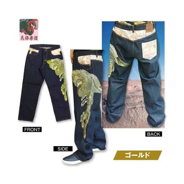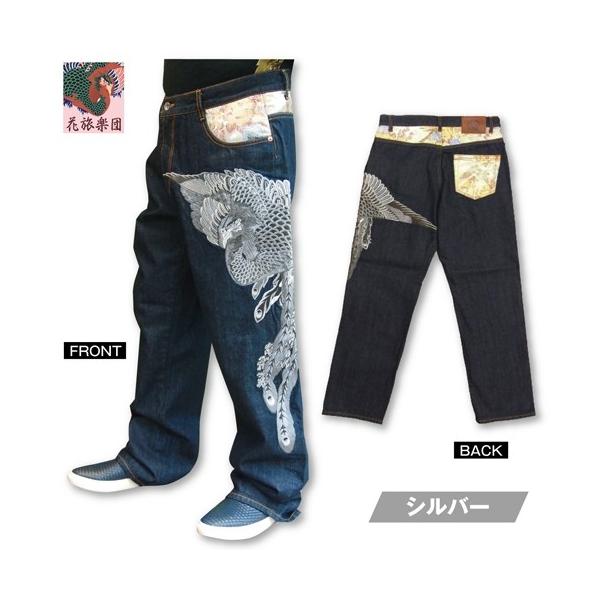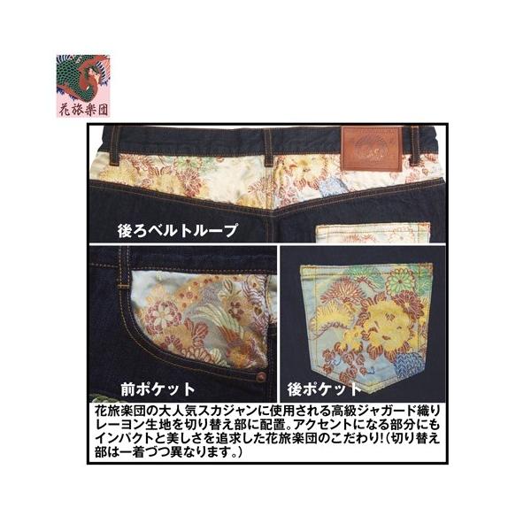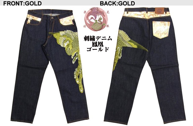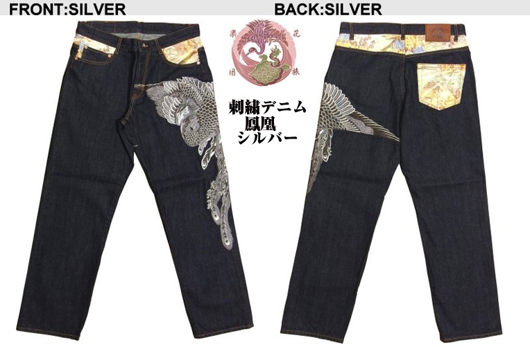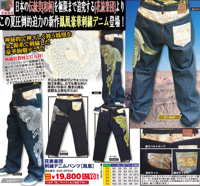 日本の伝統美〔和柄〕を極限まで追求する「花旅楽団」よりこの夏圧倒的迫力の新作鳳凰デニム登場!神秘的で神々しく舞う鳳凰を金・銀系で刺繍した豪華絢燗デニム新登場!刺繍針数何と37万針! ハイクオリティかつ超繊細な刺繍が作り出す鳳凰! 金系・銀系を使ったゴールド・シルバー刺繍は他色では表現できない美しさ! 和柄界の王道を行く「花旅楽団」がデザインとクオリティで魅了する男の大本命極上デニム! デニム生地はワンウォッシュ加工を施し、とても柔らかい風合いがあり、履き心地も抜群な上質なデニム! 花旅楽団の大人気スカジャンに使用される高級ジャガード織りレーヨン生地を切り替え部に配置。 アクセントになる部分にもインパクトと美しさを追求した花旅楽団のこだわり! (切り替え部は一着づつ異なります。)
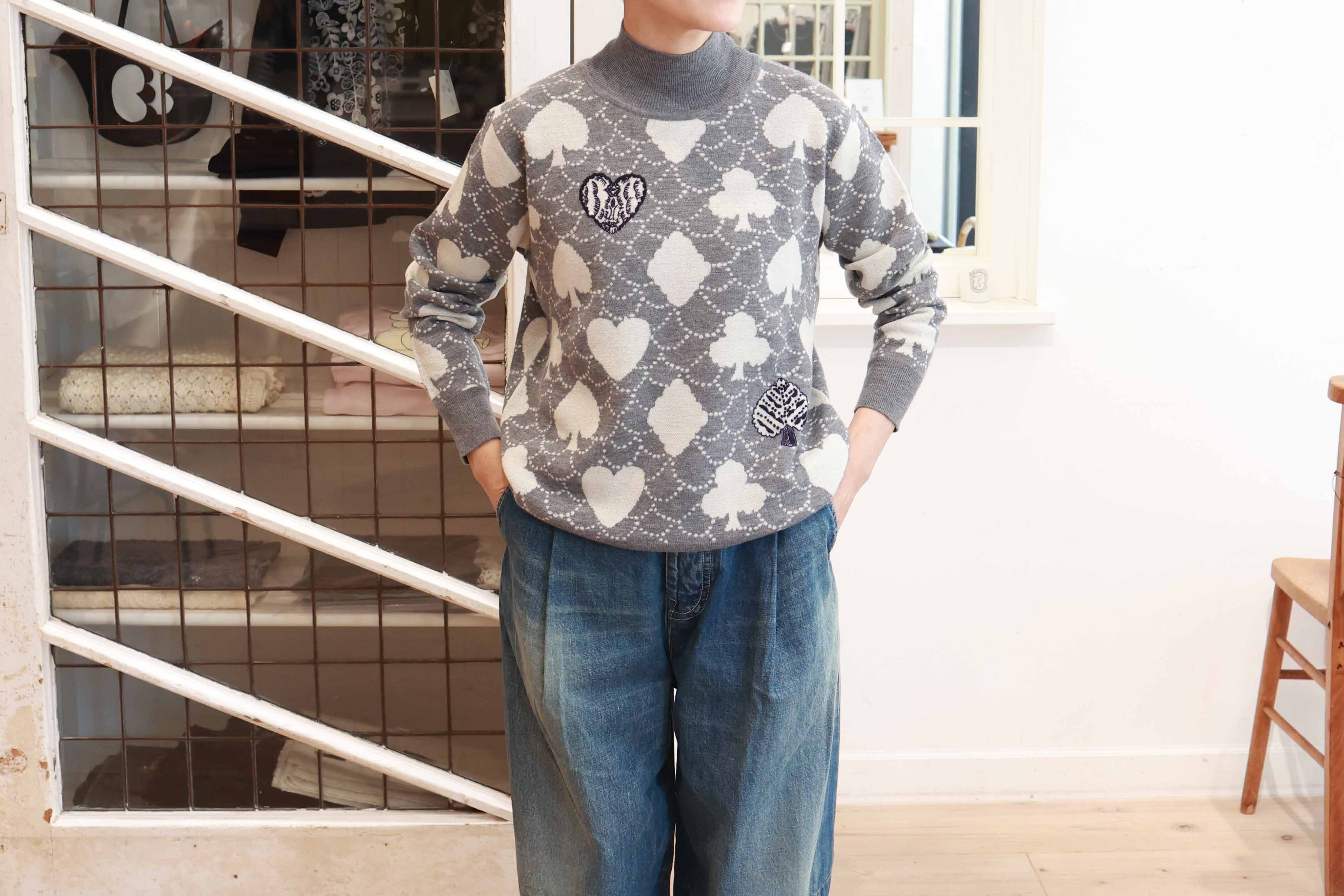 | このニットは、手刺繍を施しています。そのため柄の出方が一点ごとに異なります。そのものだけが持つ表情をお楽しみいただけましたら幸いです。 |
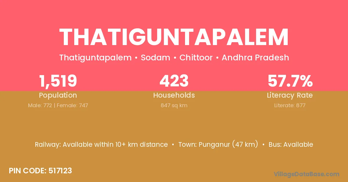 Thatiguntapalem village has a total population of 1,519 people, of which 772 are males and 747 are females.
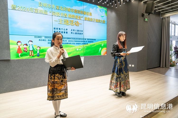 活动现场,昆明市儿童友好城市建设形象征集活动和2024年第四届“同悦书香•相伴成长”家庭亲子诵读大赛的成果通过视频向公众展示。主办方向昆明市儿童友好城市建设形象征集获奖作品、诵读大赛中脱颖而出的家庭进行了颁奖。

□ □ □ □ □

--- WORK REQUIRED ---
Copy out the data exactly and keep the pictures out.

--- COMPLETED TASK ---
 日本の伝統美〔和柄〕を極限まで追求する「花旅楽団」よりこの夏圧倒的迫力の新作鳳凰デニム登場!神秘的で神々しく舞う鳳凰を金・銀系で刺繍した豪華絢燗デニム新登場!刺繍針数何と37万針! ハイクオリティかつ超繊細な刺繍が作り出す鳳凰! 金系・銀系を使ったゴールド・シルバー刺繍は他色では表現できない美しさ! 和柄界の王道を行く「花旅楽団」がデザインとクオリティで魅了する男の大本命極上デニム! デニム生地はワンウォッシュ加工を施し、とても柔らかい風合いがあり、履き心地も抜群な上質なデニム! 花旅楽団の大人気スカジャンに使用される高級ジャガード織りレーヨン生地を切り替え部に配置。 アクセントになる部分にもインパクトと美しさを追求した花旅楽団のこだわり! (切り替え部は一着づつ異なります。)
 | このニットは、手刺繍を施しています。そのため柄の出方が一点ごとに異なります。そのものだけが持つ表情をお楽しみいただけましたら幸いです。 |
 Thatiguntapalem village has a total population of 1,519 people, of which 772 are males and 747 are females.
 活动现场,昆明市儿童友好城市建设形象征集活动和2024年第四届“同悦书香•相伴成长”家庭亲子诵读大赛的成果通过视频向公众展示。主办方向昆明市儿童友好城市建设形象征集获奖作品、诵读大赛中脱颖而出的家庭进行了颁奖。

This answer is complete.